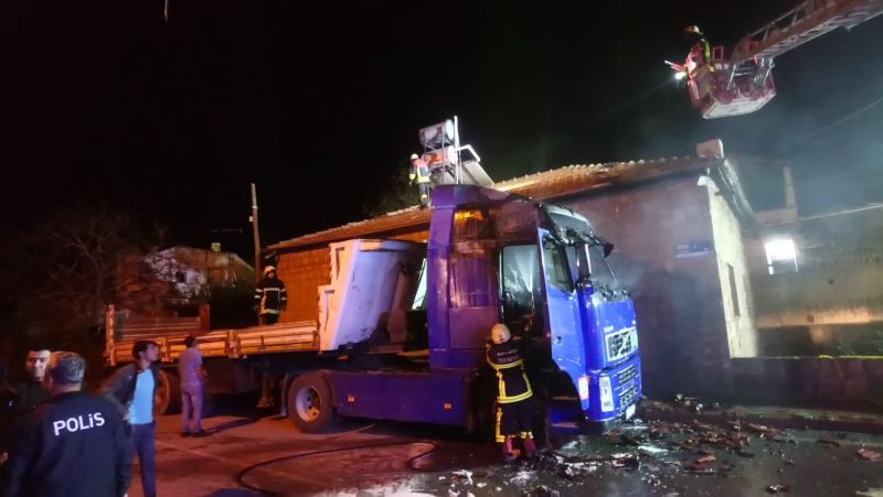 İhbar üzerine bölgeye polis ve itfaiye ekipleri sevk edildi. Polis ekipleri çevrede güvenlik önlemi alırken, tır ve evin çatısındaki yangın itfaiye ekiplerinin müdahalesiyle kısa sürede söndürüldü.
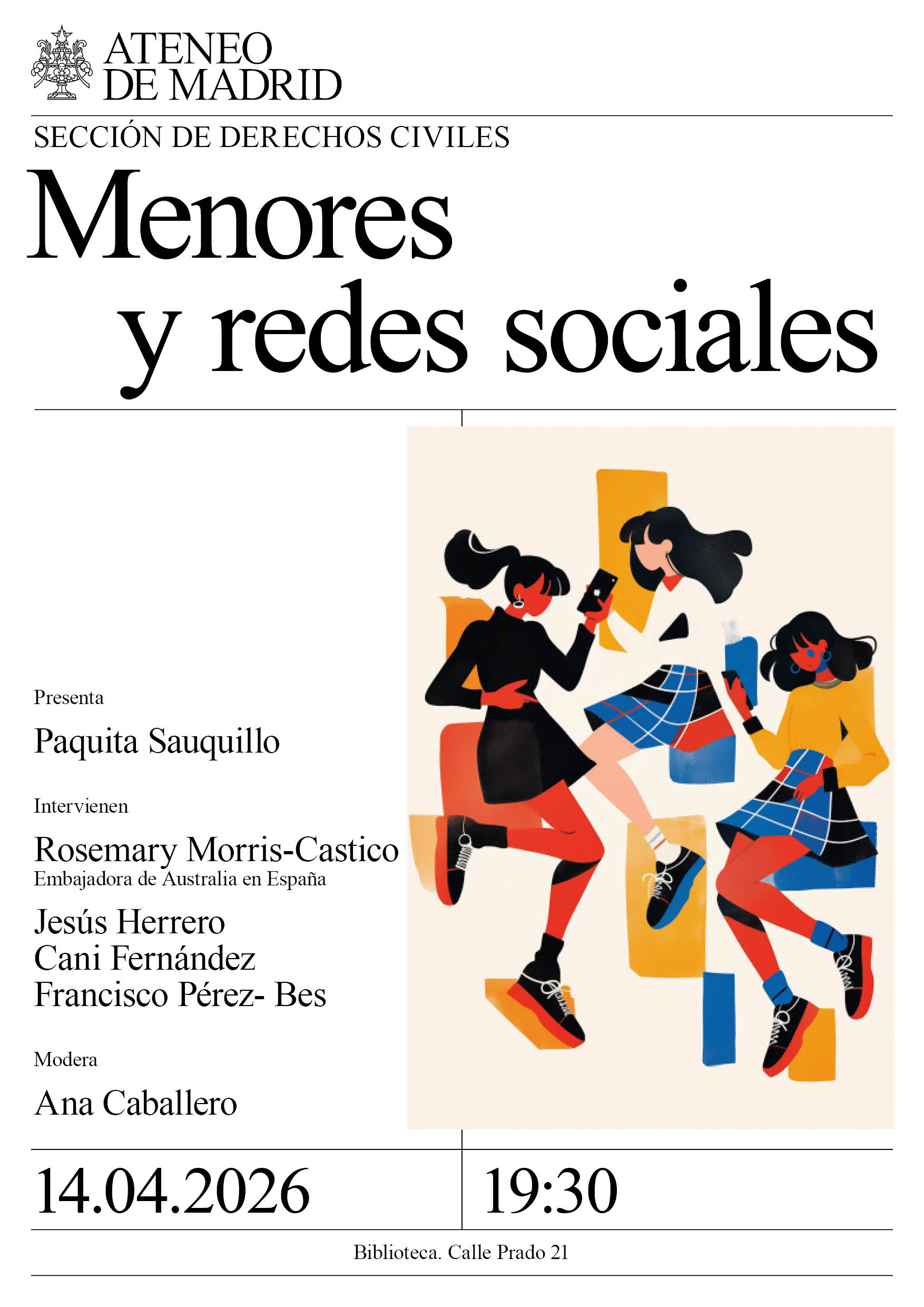 Sección de Literatura. Intervienen: Ángeles Caballero, periodista y escritora; Ana Conseglieri, presidenta de la Asociación Española de Neuropsiquiatría y psiquiatra Hospital Infanta Cristina: Agustín García Matilla, vicerrector Universidad de Valladolid y catedrático Comunicación Audiovisual; María Garralón, actriz y Manuel Valdivia, autor de la novela. Sala Larra. 19:30h.
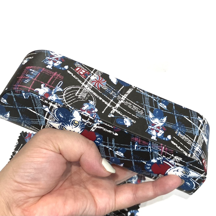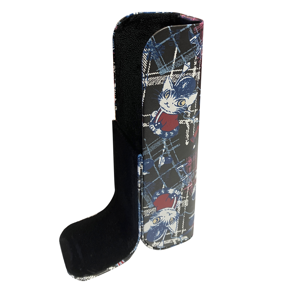 ふたを開けた状態で縦においてご使用いただけるメガネケース。
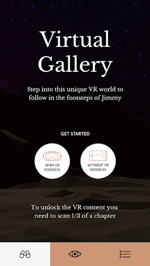 The book Homage to Humanity has an extra feature: a Virtual Reality gallery. Scanning one third of a chapter will reward you with access to the Virtual Gallery where you can watch extraordinary 360 film. VR Goggles are provided with the book, but it is also possible to watch without the VR Goggles.
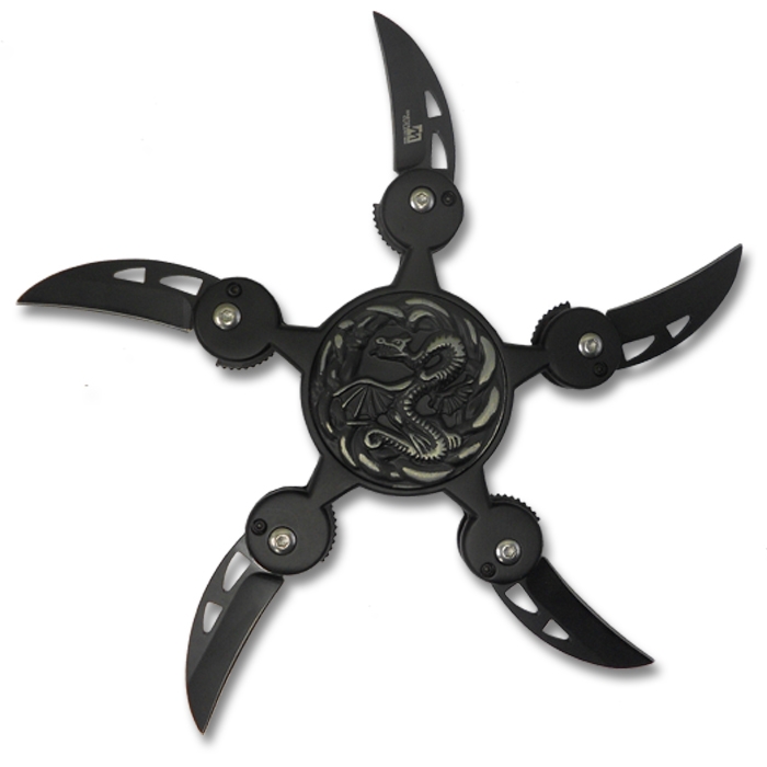 Looking for that one-of-a-kind knife to all to your weapons collection? Look no further then the dragon storm folding knife. This five blade folding knife is unique, powerful, and eye catching.
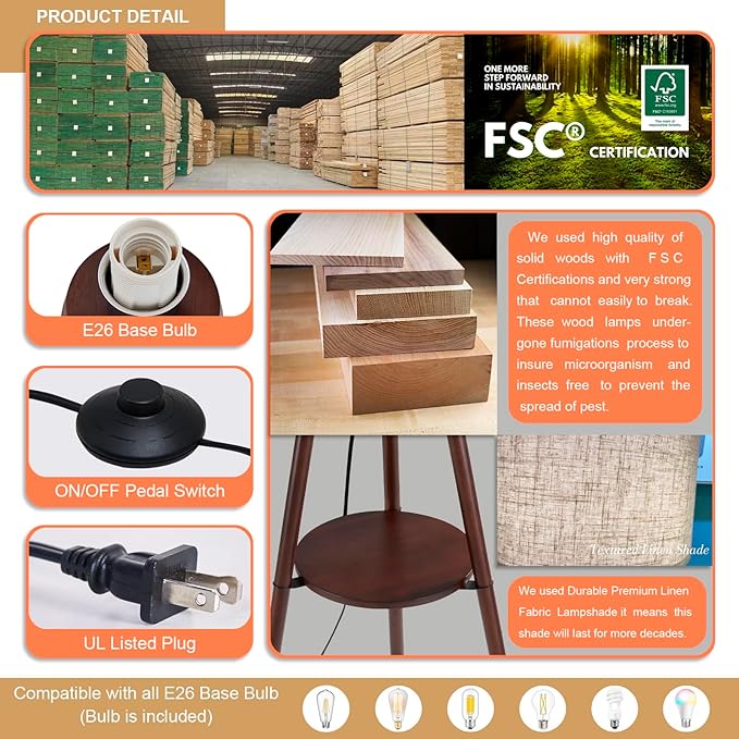 Wood Tripod Floor Lamp for Living Room,Linen Shade Mid Century Wooden Shelf Floor lamp for Bedroom,with Three Color temparature Bulb Included,ETL Listed/Dark Brown Wood Color
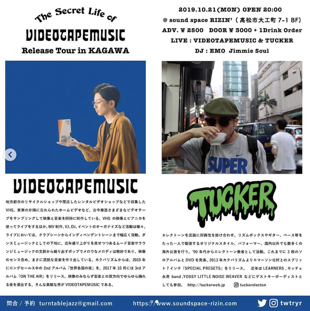 “The Secret Life of VIDEOTAPEMUSIC” Release Tour in KAGAWA日時:2019.10.21(月・祝日前) OPEN 20:00場所:soundspace RIZIN’(高松市大工町7-1 B1)料金:前売り2,500円 当日3,000円(共に別途ドリンク代500円)LIVE:VIDEOTAPEMUSIC , TUCKERDJ:EMO , Jimmie Soul
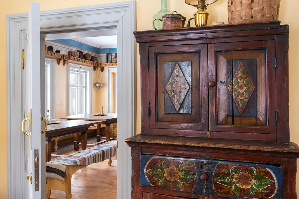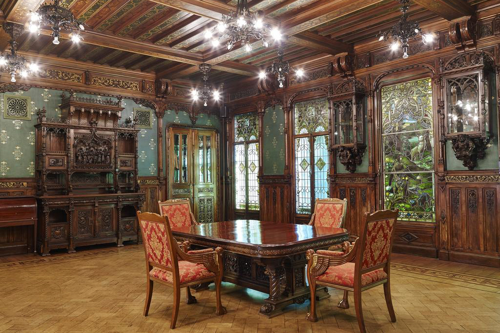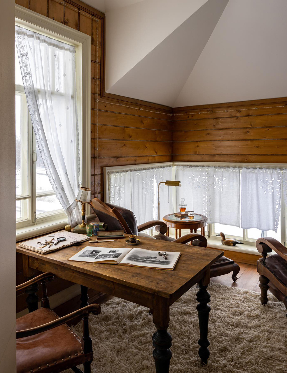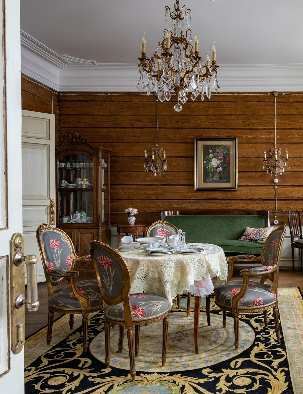В доме сохранили планировку и детали интерьера, восстановили потолки с лепниной и изразцовую печь, обновили санузлы и поставили камин. При этом Бушмариновы использовали исторические материалы и антикварные предметы конца XIX — начала XX века. Часть мебели и украшений привезли из Франции.
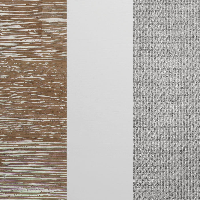 Gather with friends and family around a charming modern farmhouse counter height dining set. It centers on a stylish trestle table with a two-tone finish and includes six chairs to create a seven-piece set perfect or an inviting kitchen or dining room. The set boasts a two-tone finish combination of bright white and wire brushed brown wood grain, creating a touch of warmth while maintaining a clean, precise look and feel. Chairs include open X-cross backs for airy lightness, while padded seats add light gray upholstery for an on-trend touch with timeless appeal. This counter height dining set is ideal for everything from a quick breakfast to weeknight dinners with the kids, creating a pleasing centerpiece in your space.
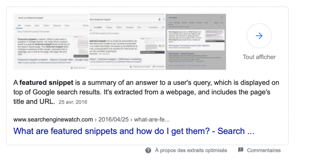 That way, you might make it to featured snippet. The new holy grail of SEO. This highlight box shows up at the top of the results page and is designed to offer an instant click-free solution to your query. Like this one when I typed in “what is a featured snippet?”
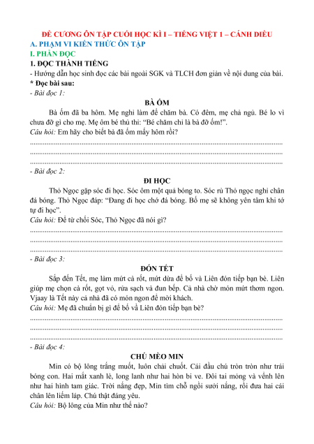 ĐỀ CƯƠNG ÔN TẬP CUỐI HỌC KÌ I – TIẾNG VIỆT 1 – CÁNH DIỀU
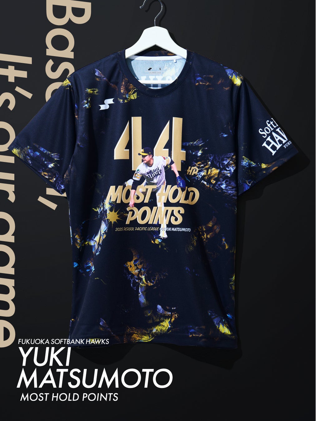 本記念Tシャツは、福岡ソフトバンクホークスをイメージした躍動する“鷹”をデザインし、胸元にはタイトル獲得を象徴する 「44 HP」 をゴールドで配置。その前面には、松本裕樹選手の力強い投球動作をレイアウト。中央には “MOST HOLD POINTS” のタイトルロゴ、そしてパリーグの名称と「#66 YUKI MATSUMOTO」を記載し、左袖には福岡ソフトバンクホークスのロゴが入り、タイトル獲得を球団と共に祝福。
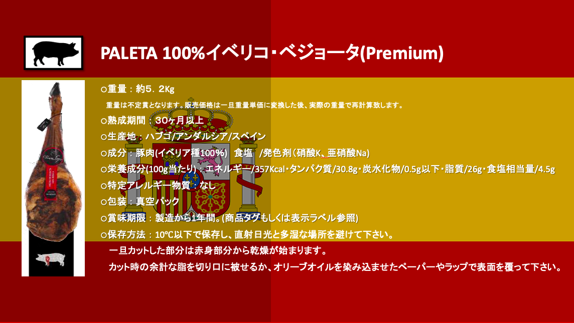 | 2 | PALETA 100%イベリコ・ベジョータ(Premium) | ¥53,500.- (5.2Kg) | ○ | ||
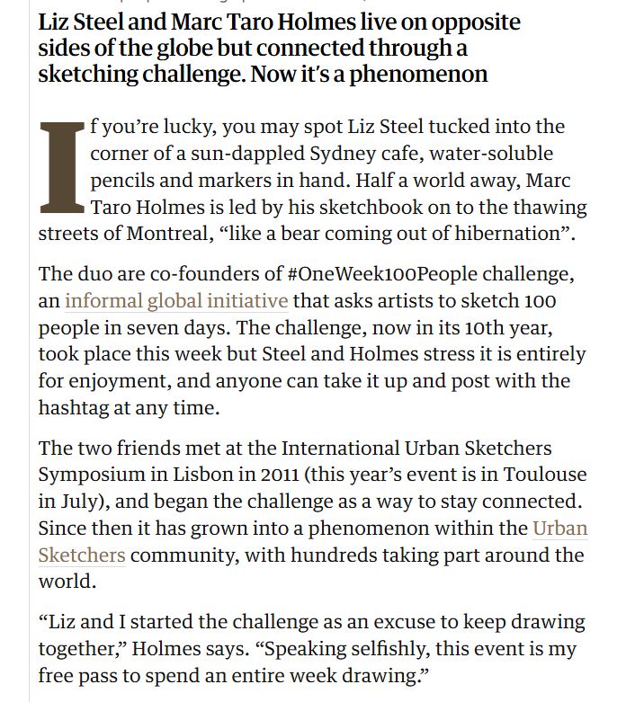 Here’s a bit of fun – we’ve been noticed somehow (let me know if you know how!) and Ima Caldwell has done a great little article about #OneWeek100People in The Guardian.
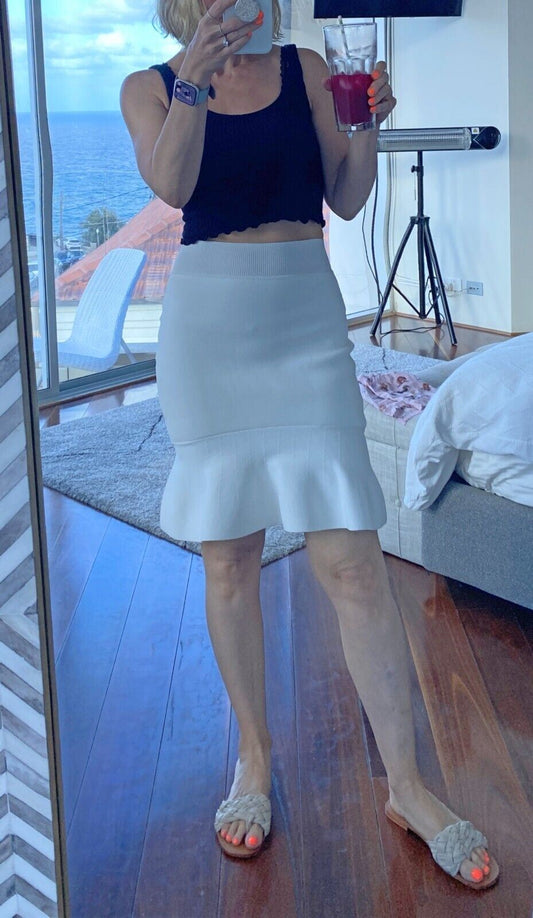 Scanlan Theodore Crepe Knit Skirt | White, Small, Italian Yarn, Peplum, Stretch
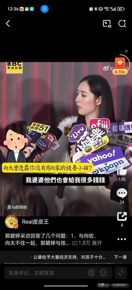 郭碧婷采访回答了几个问题: 1、与向佐、向太不住一起,郭碧婷与孩子常年住娘家台北,以后读书也是,平时打电话给向佐,只关心他是否与孩子联络。 简单捋一下:就是她在一次采访里,回应了婚后生活、和向太的关系、孩子的事,还有外界常讨论的那些点,基本都正面说了。 她提到孩子是自己想生的,不是被催;现在的生活状态是和孩子住在台北娘家,不跟婆家同住,向佐更多是电话联系,重点还是孩子有没有互动。 说个我更在意的点,她并没有把“分开住”包装成什么苦情或牺牲,而是很自然地当成一种选择。这个心态本身就挺松弛的。 还有经济这块,她也说得很直白:向太和向佐经常给孩子很多钱。不是遮遮掩掩那种,这反而让我觉得她很清楚边界在哪。 然后更有意思的是她对外貌的回应。别人可能会避开“越来越像向太”这种话,她却坦然说是越来越富贵的长相,接受度蛮高。 我感觉她现在的幸福感,更多来自掌控感:孩子在身边,生活节奏自己说了算,钱的部分也不用焦虑,人不用天天处理婆媳关系。 当然这不一定适合所有人,但至少说明一种情况——不住一起、不黏在婚姻角色里,也可以过得很稳。 所以突然觉得,她现在这套生活方式,对她本人来说,确实挺舒服的。说不上完美,但很清醒。
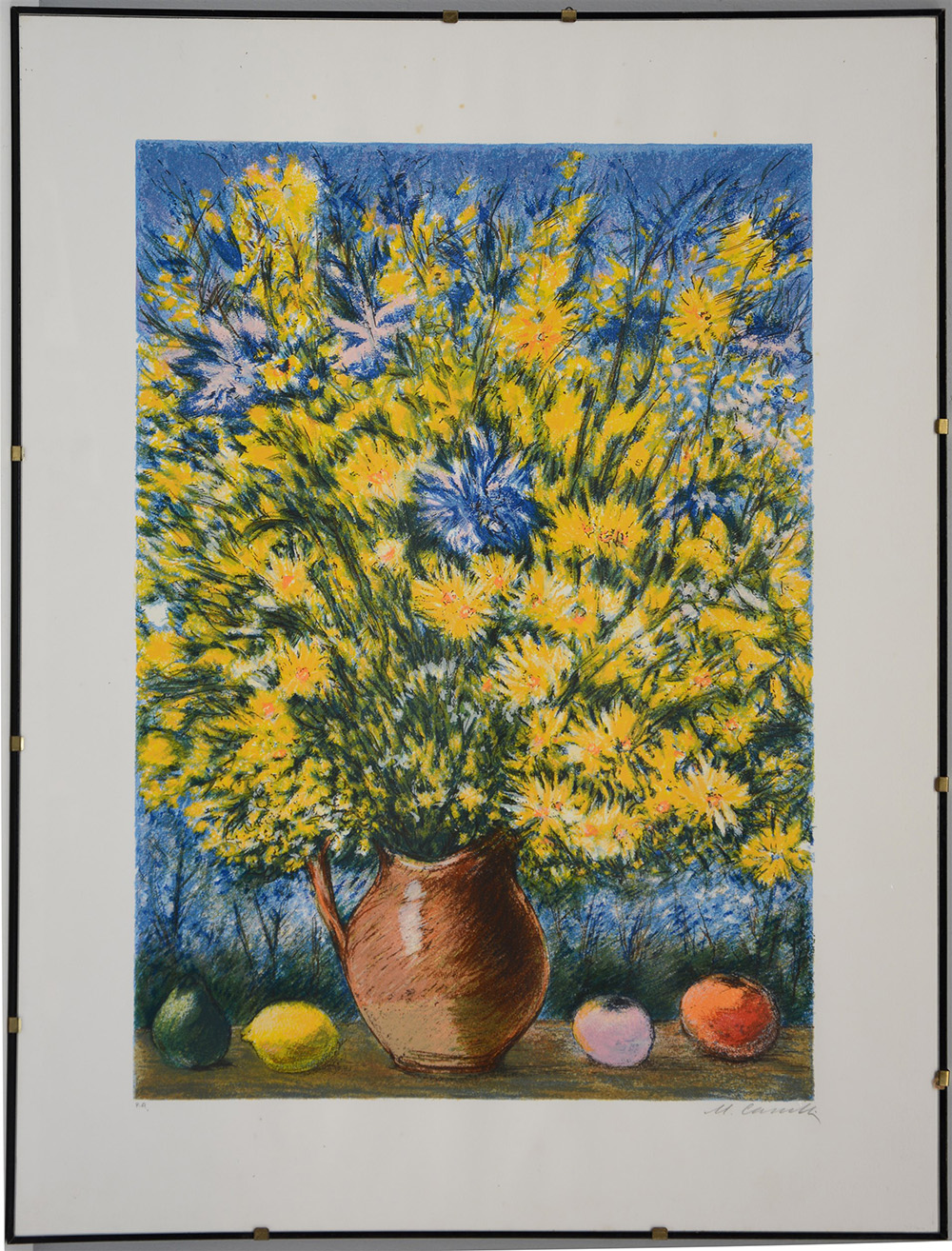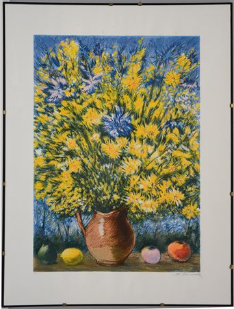 "Vaso di fiori e frutta" litografia prova d'artista (cm 80x60) firmata in basso a destra, in cornice

# EXERCISE BRIEF
Everything between and including the line above containing "Sección de Literatura." and the line containing "ふたを開けた状態で縦においてご使用いただけるメガネケース。" should be reproduced exactly, with pictures excluded.

# ANSWER TO THE PROBLEM
 Sección de Literatura. Intervienen: Ángeles Caballero, periodista y escritora; Ana Conseglieri, presidenta de la Asociación Española de Neuropsiquiatría y psiquiatra Hospital Infanta Cristina: Agustín García Matilla, vicerrector Universidad de Valladolid y catedrático Comunicación Audiovisual; María Garralón, actriz y Manuel Valdivia, autor de la novela. Sala Larra. 19:30h.
 ふたを開けた状態で縦においてご使用いただけるメガネケース。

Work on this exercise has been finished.